Write each line out exactly, from the one containing "This beautiful formal" through the final line of the data, and keep pictures out of the copy.

Supplied information section start

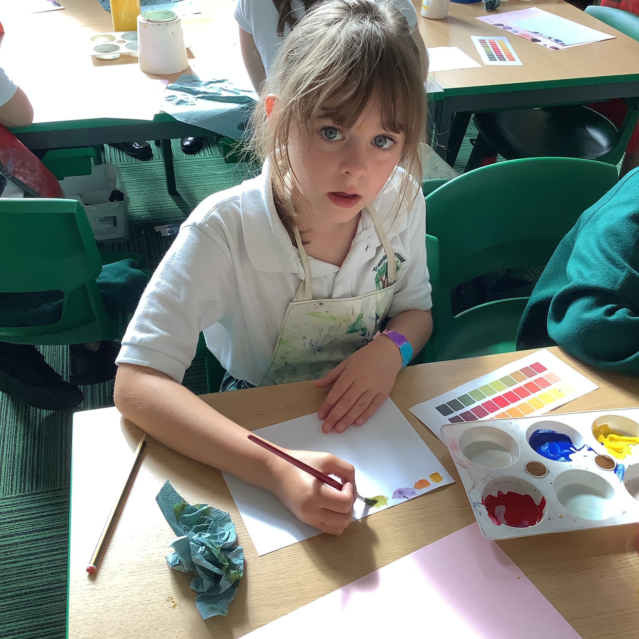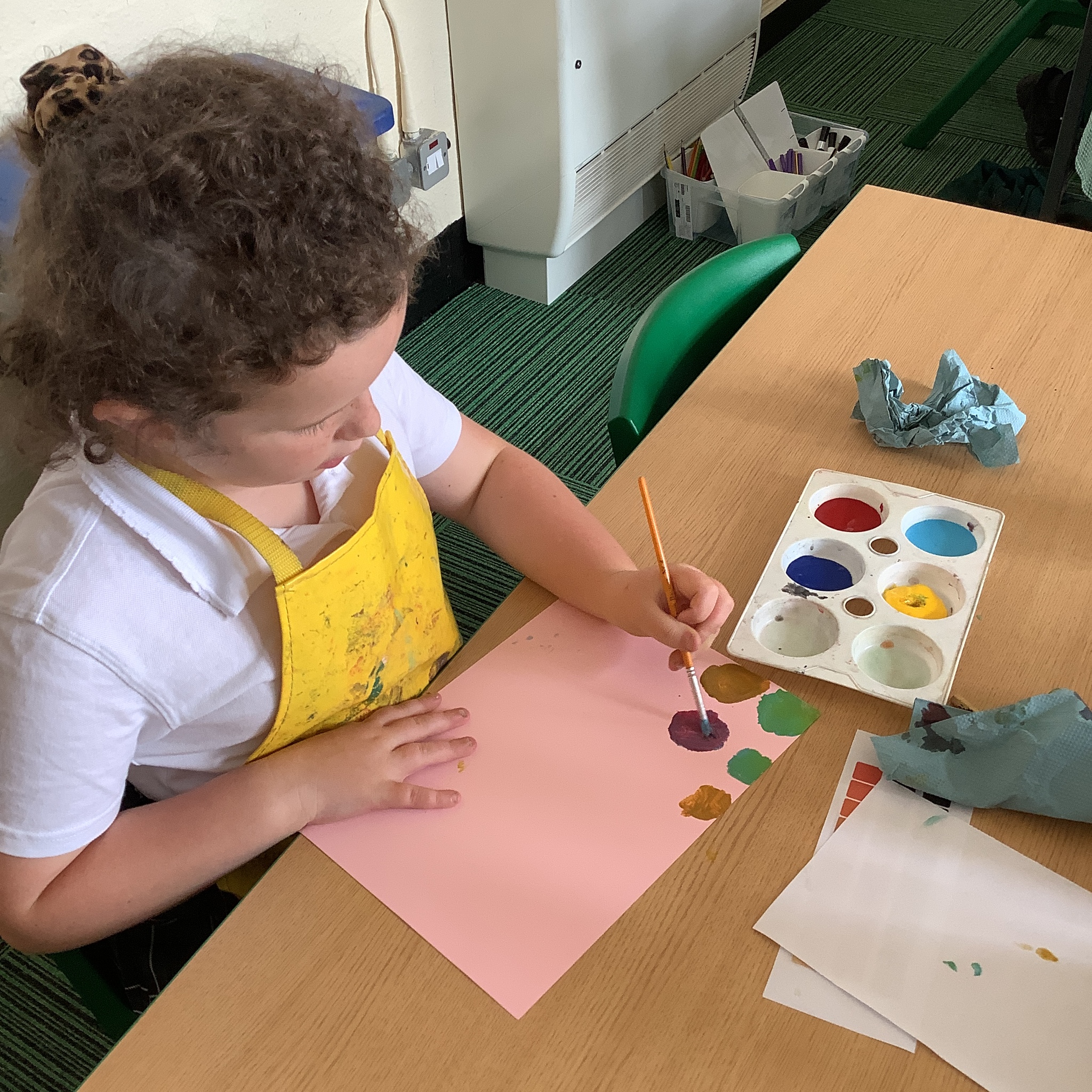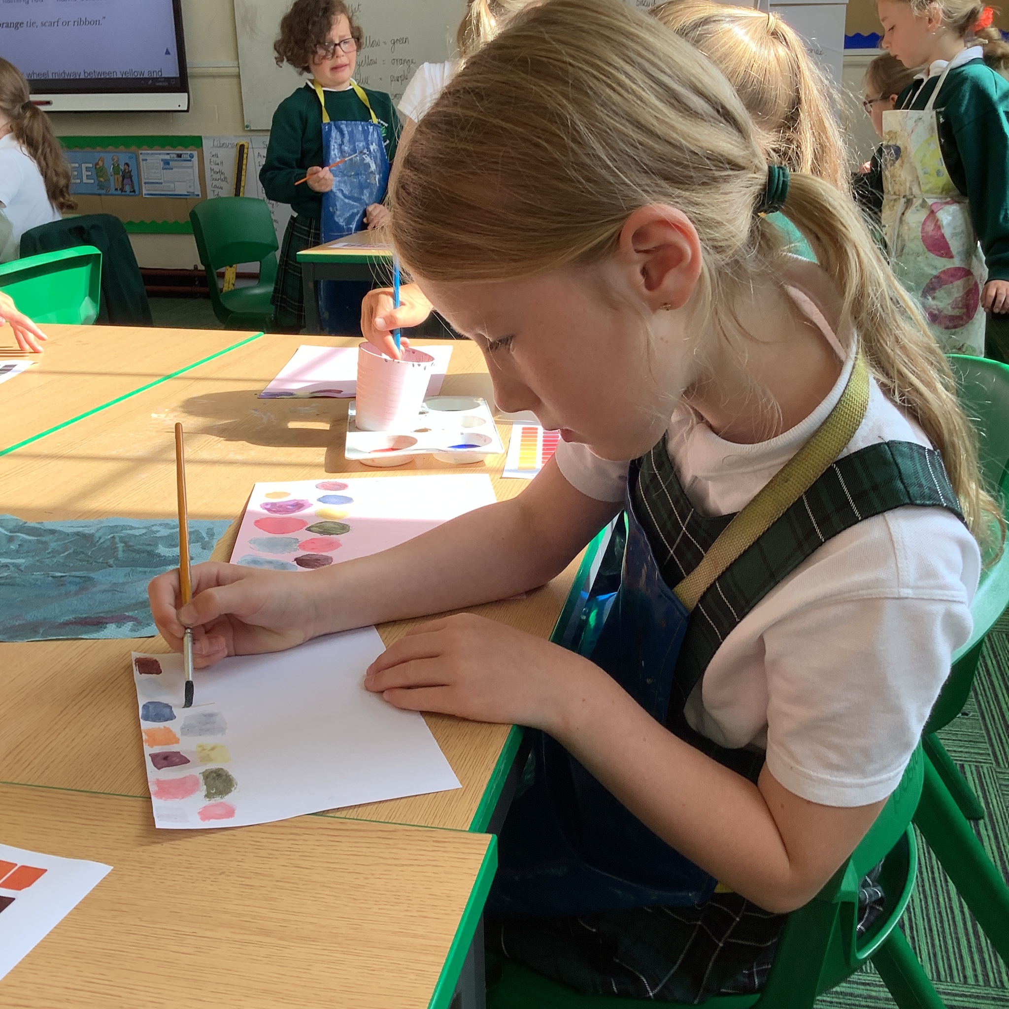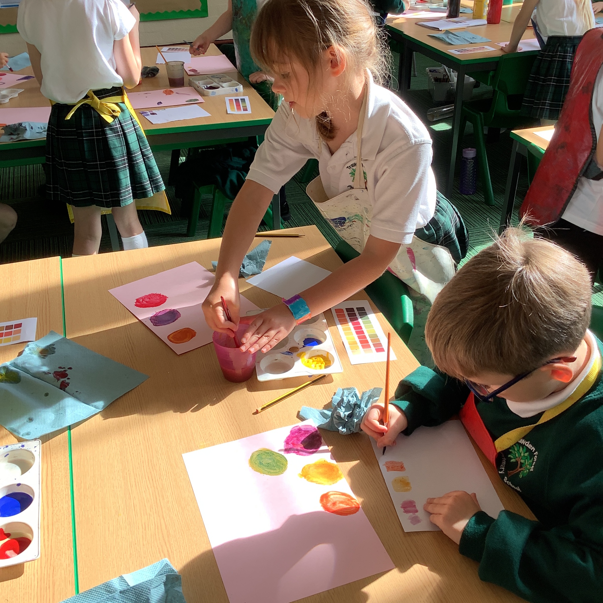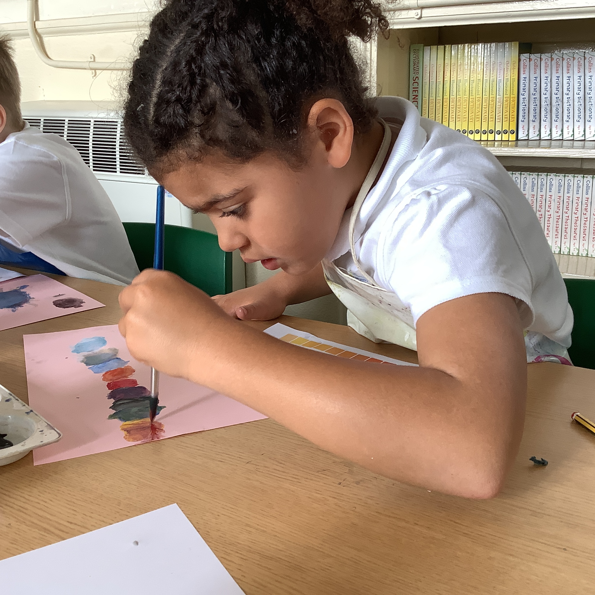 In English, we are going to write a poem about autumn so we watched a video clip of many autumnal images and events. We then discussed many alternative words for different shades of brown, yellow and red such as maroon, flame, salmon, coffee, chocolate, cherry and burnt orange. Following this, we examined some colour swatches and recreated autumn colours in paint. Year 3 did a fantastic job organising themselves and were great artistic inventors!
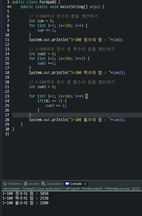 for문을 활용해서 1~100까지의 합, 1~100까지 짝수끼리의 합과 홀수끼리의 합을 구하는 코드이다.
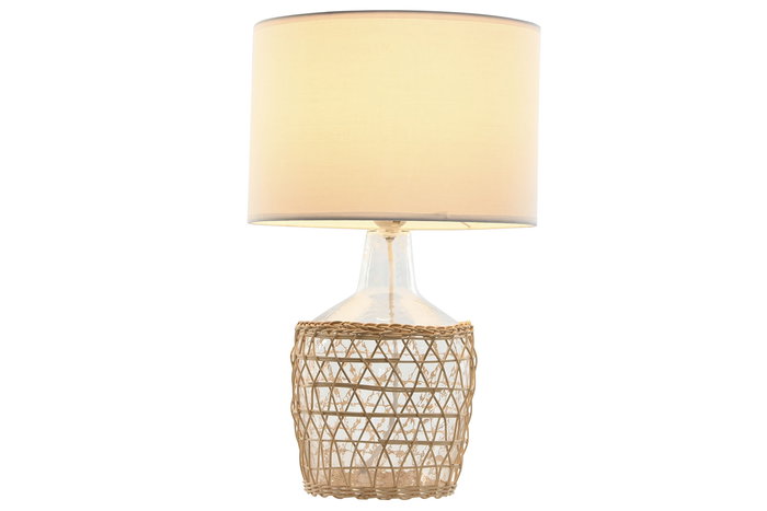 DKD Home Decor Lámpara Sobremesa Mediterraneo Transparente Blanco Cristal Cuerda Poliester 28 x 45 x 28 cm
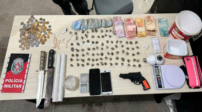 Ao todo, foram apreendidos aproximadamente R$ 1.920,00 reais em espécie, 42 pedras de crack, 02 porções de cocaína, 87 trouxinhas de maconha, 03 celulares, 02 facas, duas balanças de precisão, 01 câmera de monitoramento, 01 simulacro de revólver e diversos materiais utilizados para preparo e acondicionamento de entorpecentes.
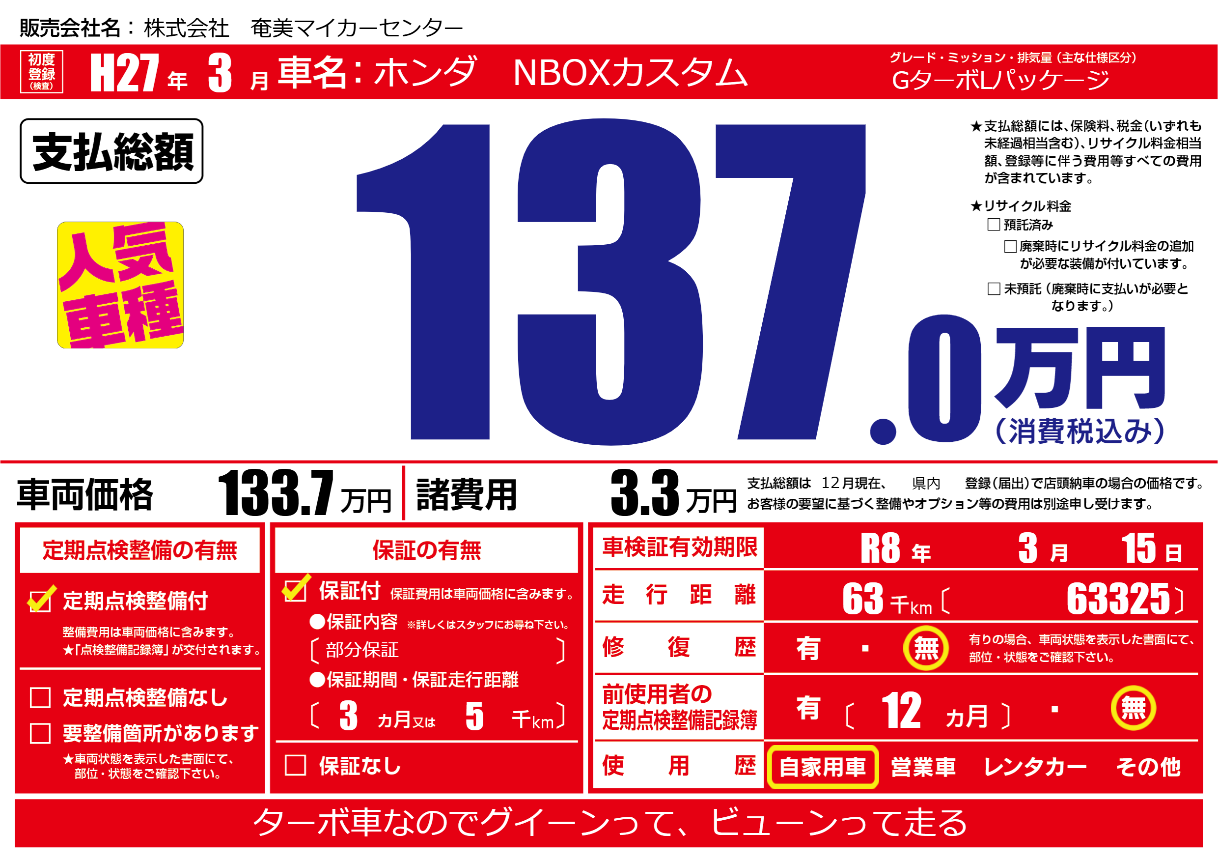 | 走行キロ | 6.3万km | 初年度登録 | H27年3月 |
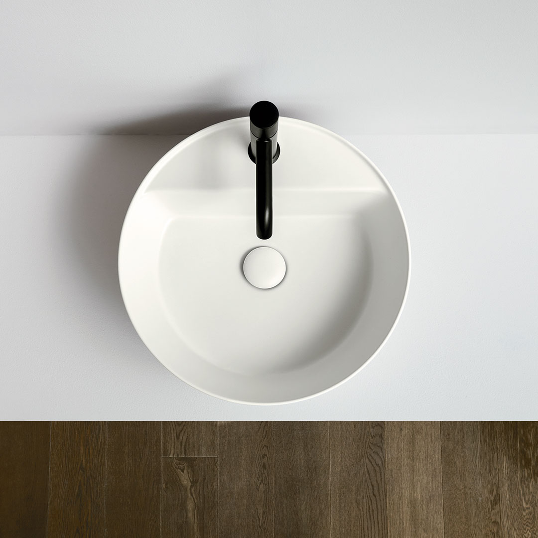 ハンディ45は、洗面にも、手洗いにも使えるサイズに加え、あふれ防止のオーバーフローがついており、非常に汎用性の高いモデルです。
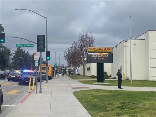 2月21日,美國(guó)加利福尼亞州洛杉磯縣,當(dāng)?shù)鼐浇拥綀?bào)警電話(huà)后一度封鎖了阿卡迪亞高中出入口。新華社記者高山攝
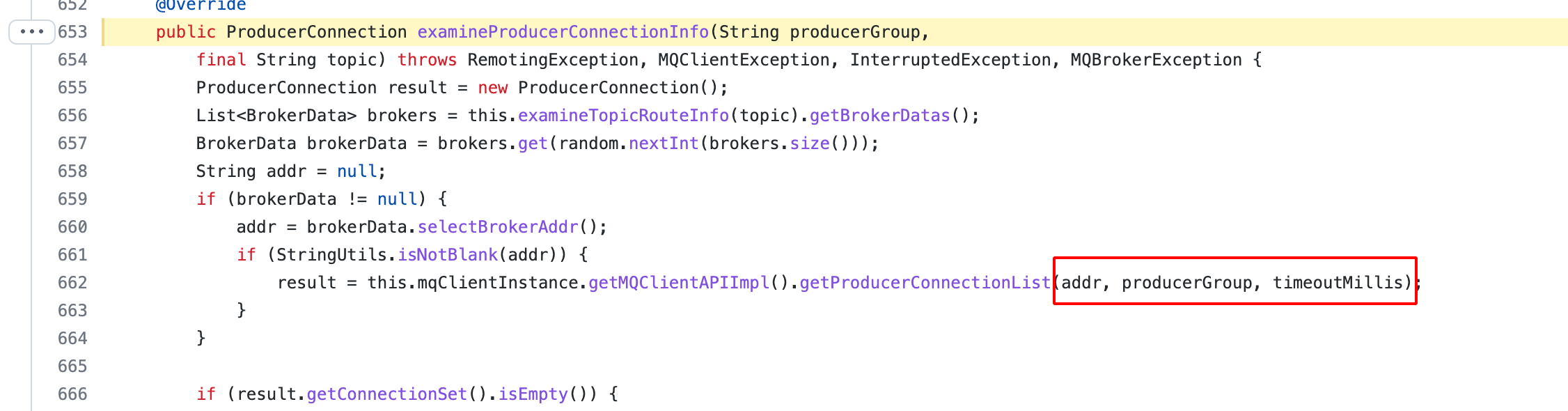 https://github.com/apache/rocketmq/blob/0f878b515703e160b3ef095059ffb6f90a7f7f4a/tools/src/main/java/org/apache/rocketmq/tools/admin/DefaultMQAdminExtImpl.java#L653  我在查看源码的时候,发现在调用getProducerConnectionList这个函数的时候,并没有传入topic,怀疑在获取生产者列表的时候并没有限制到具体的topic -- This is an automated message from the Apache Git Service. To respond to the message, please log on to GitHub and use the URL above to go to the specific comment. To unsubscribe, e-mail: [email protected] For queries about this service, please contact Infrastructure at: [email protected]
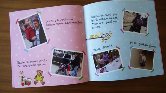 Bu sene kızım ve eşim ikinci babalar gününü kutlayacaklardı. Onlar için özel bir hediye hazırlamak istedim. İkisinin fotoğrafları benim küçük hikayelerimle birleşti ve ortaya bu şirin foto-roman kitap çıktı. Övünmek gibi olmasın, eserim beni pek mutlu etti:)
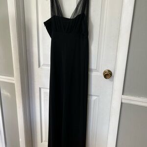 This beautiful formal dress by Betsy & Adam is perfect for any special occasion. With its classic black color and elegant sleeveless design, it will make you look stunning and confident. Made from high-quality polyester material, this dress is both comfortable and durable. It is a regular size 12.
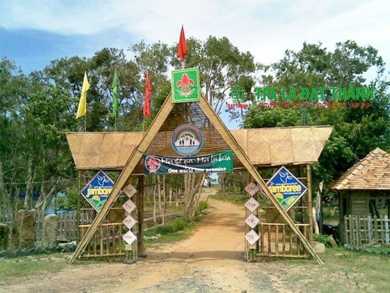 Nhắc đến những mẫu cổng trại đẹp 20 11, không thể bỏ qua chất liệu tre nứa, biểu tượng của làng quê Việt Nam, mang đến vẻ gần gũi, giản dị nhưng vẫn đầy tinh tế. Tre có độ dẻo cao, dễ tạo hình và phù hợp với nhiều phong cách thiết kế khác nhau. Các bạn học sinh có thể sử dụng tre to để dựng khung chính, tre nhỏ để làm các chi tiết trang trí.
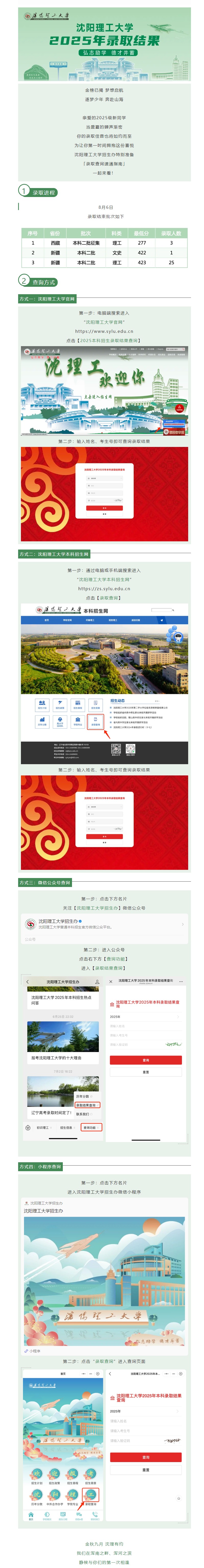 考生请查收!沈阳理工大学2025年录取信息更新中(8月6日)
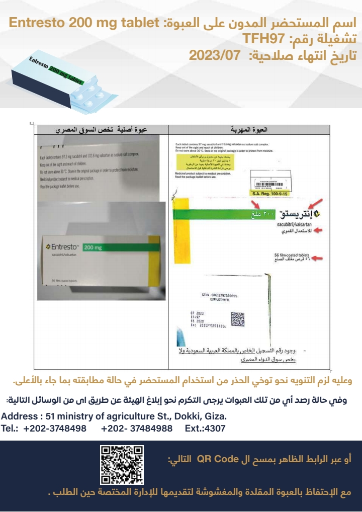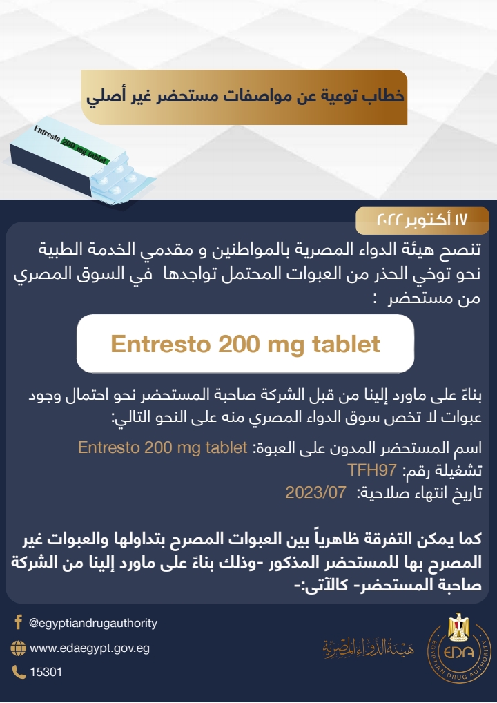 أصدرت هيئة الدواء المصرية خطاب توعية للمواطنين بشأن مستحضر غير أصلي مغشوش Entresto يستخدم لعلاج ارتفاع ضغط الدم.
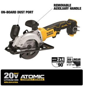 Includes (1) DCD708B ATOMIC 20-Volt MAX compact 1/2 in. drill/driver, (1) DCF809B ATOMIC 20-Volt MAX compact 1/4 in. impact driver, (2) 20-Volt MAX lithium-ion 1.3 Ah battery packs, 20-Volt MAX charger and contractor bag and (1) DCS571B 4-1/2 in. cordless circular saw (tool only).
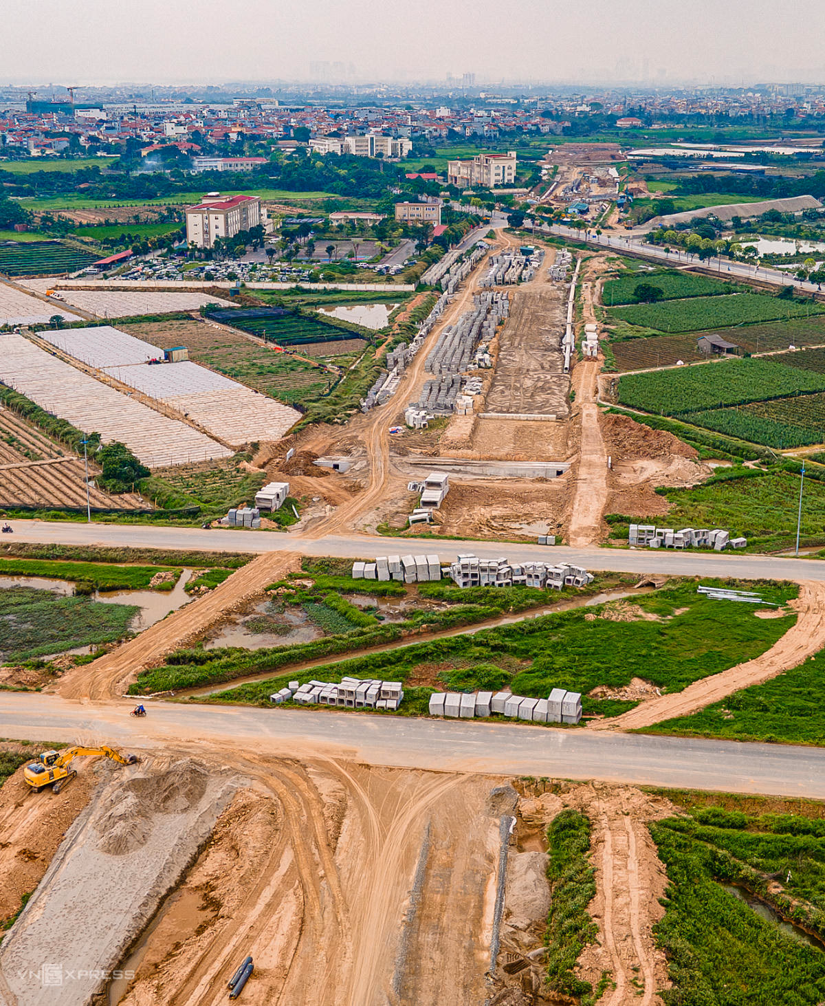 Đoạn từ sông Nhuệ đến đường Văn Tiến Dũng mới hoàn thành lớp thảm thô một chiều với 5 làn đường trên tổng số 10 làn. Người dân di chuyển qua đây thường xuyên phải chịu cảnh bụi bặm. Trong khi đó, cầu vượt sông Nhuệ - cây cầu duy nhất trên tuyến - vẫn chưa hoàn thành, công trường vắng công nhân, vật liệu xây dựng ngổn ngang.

Supplied information section end

- _Exercise solution_:
 This beautiful formal dress by Betsy & Adam is perfect for any special occasion. With its classic black color and elegant sleeveless design, it will make you look stunning and confident. Made from high-quality polyester material, this dress is both comfortable and durable. It is a regular size 12.
 Nhắc đến những mẫu cổng trại đẹp 20 11, không thể bỏ qua chất liệu tre nứa, biểu tượng của làng quê Việt Nam, mang đến vẻ gần gũi, giản dị nhưng vẫn đầy tinh tế. Tre có độ dẻo cao, dễ tạo hình và phù hợp với nhiều phong cách thiết kế khác nhau. Các bạn học sinh có thể sử dụng tre to để dựng khung chính, tre nhỏ để làm các chi tiết trang trí.
 考生请查收!沈阳理工大学2025年录取信息更新中(8月6日)
 أصدرت هيئة الدواء المصرية خطاب توعية للمواطنين بشأن مستحضر غير أصلي مغشوش Entresto يستخدم لعلاج ارتفاع ضغط الدم.
 Includes (1) DCD708B ATOMIC 20-Volt MAX compact 1/2 in. drill/driver, (1) DCF809B ATOMIC 20-Volt MAX compact 1/4 in. impact driver, (2) 20-Volt MAX lithium-ion 1.3 Ah battery packs, 20-Volt MAX charger and contractor bag and (1) DCS571B 4-1/2 in. cordless circular saw (tool only).
 Đoạn từ sông Nhuệ đến đường Văn Tiến Dũng mới hoàn thành lớp thảm thô một chiều với 5 làn đường trên tổng số 10 làn. Người dân di chuyển qua đây thường xuyên phải chịu cảnh bụi bặm. Trong khi đó, cầu vượt sông Nhuệ - cây cầu duy nhất trên tuyến - vẫn chưa hoàn thành, công trường vắng công nhân, vật liệu xây dựng ngổn ngang.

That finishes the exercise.